Edmundite Bishop Moses Anderson, auxiliary bishop of Detroit, ordained him in 1996.

The seeds of Father Cummings’ vocation were planted when he was growing up in Jersey City, New Jersey, the youngest of the five children of a policeman/iron worker in construction and a stay-at-home mother. He attended Catholic elementary and high schools.

Father Timothy Shugrue, a parochial vicar at his parish, suggested the teen think about becoming a priest, something Brian already had been contemplating. Those thoughts were nurtured in the Jesuit high school he attended and then at St. Michael’s College, from which he graduated in 1986 with a bachelor’s degree in accounting.

The future priest worked in the accounting profession until he entered the Society of St. Edmund formation program in 1990, later earning a master of divinity degree in 1996 from the Weston Jesuit School of Theology.

His priestly work has centered on campus ministry and teaching religious studies and accounting at St.
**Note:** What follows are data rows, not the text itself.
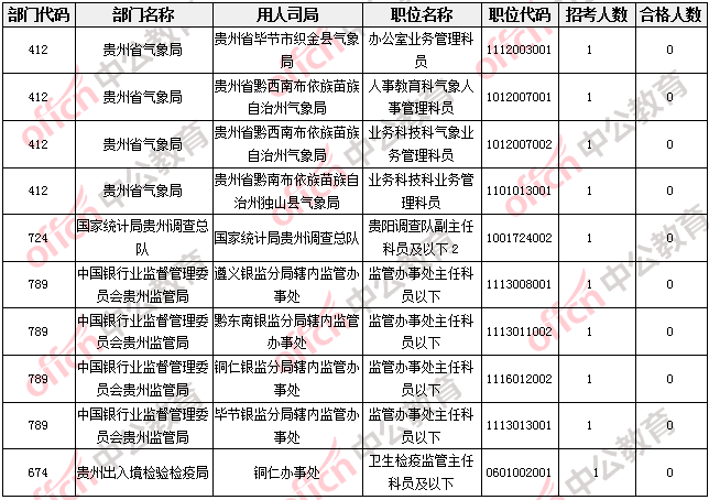 截至20日16時,貴州招錄部門中各大部門均有人員報考。
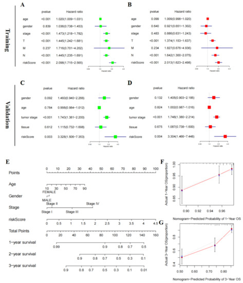 Independent prognostic factors in the validation and training cohorts. (A,B) Univariate and Multivariate Cox analyses of the risk score of our prognostic signature and clinicopathological parameters in the training cohort. (C,D) Univariate and Multivariate Cox analyses of the risk score of our prognostic signature clinicopathological parameters in the validation cohort. (E) Prognostic nomogram for malignant melanoma patients. (F,G) Calibration curves for the 1- and 3-year nomogram.
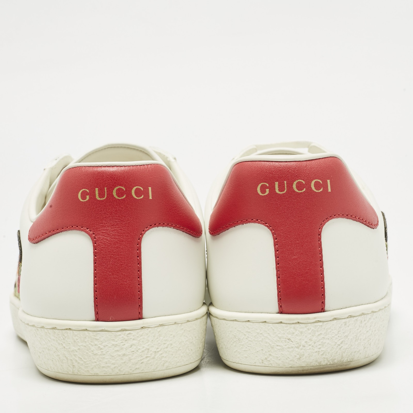 Gucci’s Ace sneakers in white leather are detailed with the house’s signature Web stripe and tiger embroidery. Sleek yet bold, these low tops offer classic shape with distinctive flair.Certified by The Luxury Closet - This item has gone through a detailed authentication process overseen by our experts. We offer a lifetime guarantee of authenticity on all our items. Import duties, taxes and charges are not included in the item price. These charges are the buyers responsibility. Please check with your country’s customs office to determine what these additional cost will be prior to buying. Our eBay Store About Us Contact Us Add to Favorite Sellers Gucci White Leather Ace Web Tiger Embroidered Low Top Sneakers Size 41.5 $312.4 Gucci’s Ace sneakers in white leather are detailed with the house’s signature Web stripe and tiger embroidery. Sleek yet bold, these low tops offer classic shape with distinctive flair. Product Details Brand Color White Dimensions Material Leather Size 41.5 Outsole Width Outsole Length Heel Height Includes Certified by The Luxury Closet This item has gone through a detailed authentication process overseen by our experts. We offer a lifetime guarantee of authenticity on all our items. How We Check The in-house team of experts at The Luxury Closet is highly trained to verify the authenticity and the condition of the luxury products. They ensure that only 100% authentic items are put on sale.The evaluation process is unique with its own mix of assessment criteria and differs according to the category. Each item is evaluated based on the following combination of hallmarks, hardware, stitching, symmetry, material, craftsmanship, stamping, codes, hologram stickers, and packaging. Our authenticators also check if the items have been modified or amended (e.g., aftermarket diamonds, replaced batteries, repaired bags, etc.) International Buyers Import duties, taxes and charges are not included in the item price. These charges are the buyers responsibility. Please check with your country’s customs office to determine what these additional cost will be prior to buying.
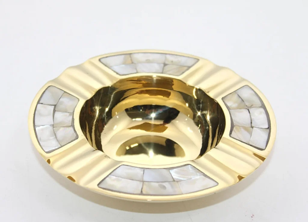 Pirinç Ve Sedef Karışımdan Üretilmiştir. Pirinç Sedefli Küllük 13 Cm

Michael’s College and serving as spiritual director of St. Anne’s

Shrine in Isle LaMotte, a ministry of the Society of St. Edmund.
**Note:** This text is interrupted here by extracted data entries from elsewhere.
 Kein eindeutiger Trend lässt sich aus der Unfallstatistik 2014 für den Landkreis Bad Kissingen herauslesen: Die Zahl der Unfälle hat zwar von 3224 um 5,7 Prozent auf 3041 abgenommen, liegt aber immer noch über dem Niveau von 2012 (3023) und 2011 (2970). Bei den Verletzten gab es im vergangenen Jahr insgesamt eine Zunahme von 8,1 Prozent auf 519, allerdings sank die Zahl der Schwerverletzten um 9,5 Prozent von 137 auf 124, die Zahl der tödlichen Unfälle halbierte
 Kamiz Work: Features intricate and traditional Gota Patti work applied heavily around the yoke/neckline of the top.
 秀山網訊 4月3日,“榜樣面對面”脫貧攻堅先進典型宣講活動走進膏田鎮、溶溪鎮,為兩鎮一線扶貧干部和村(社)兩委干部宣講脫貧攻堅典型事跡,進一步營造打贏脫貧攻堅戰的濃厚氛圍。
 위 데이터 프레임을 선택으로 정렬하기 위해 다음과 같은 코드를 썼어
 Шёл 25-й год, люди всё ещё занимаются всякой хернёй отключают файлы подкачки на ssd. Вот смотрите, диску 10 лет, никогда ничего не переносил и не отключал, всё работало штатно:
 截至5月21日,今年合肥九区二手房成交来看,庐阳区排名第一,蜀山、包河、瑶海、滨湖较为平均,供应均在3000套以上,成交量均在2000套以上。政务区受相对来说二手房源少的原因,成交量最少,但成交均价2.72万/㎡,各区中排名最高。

Currently the director of Edmundite Campus Ministry at the College, Father Cummings continues his role at the shrine while serving as the chairman of the board of the Selma, Alabama-based Edmundite Southern Missions.

Begun in 1937 by two priests from the Society of St. Edmund who answered Pope Pius XI’s call to minister to the African Americans of the deep South, the Edmundite Southern Missions provides a variety of programs to empower the people it serves through health, education, nutrition, clothing, housing, elder care, spiritual outreach and youth-oriented ministries.

The missions are part of the Edmundite heritage and help combat systemic racism, said Father Cummings who served in the missions, living and teaching in New Orleans while in formation with the Society of St. Edmund. “The Edmundite Southern Missions are an important work for us,” he said. “We have a lot of history there and the work we are doing there is very important.”

In addition to his work for the missions, Father Cummings serves the religious order and the college in numerous ways including as chaplain for the college fire and rescue squad, athletic department and alumni association; member of the college President’s Cabinet; first assistant/vice president of the Society of St. Edmund; and house treasurer and first assistant of the college Edmundite community.

A New York Yankees fan, he enjoys vacationing at the Jersey Shore, cooking/grilling, fishing, watching college basketball and running.

What he likes best about being a priest is the diversity of his ministry — campus and sacramental ministry, retreat work, higher education — and living in community.

For this former accountant, it all adds up to a meaningful priesthood.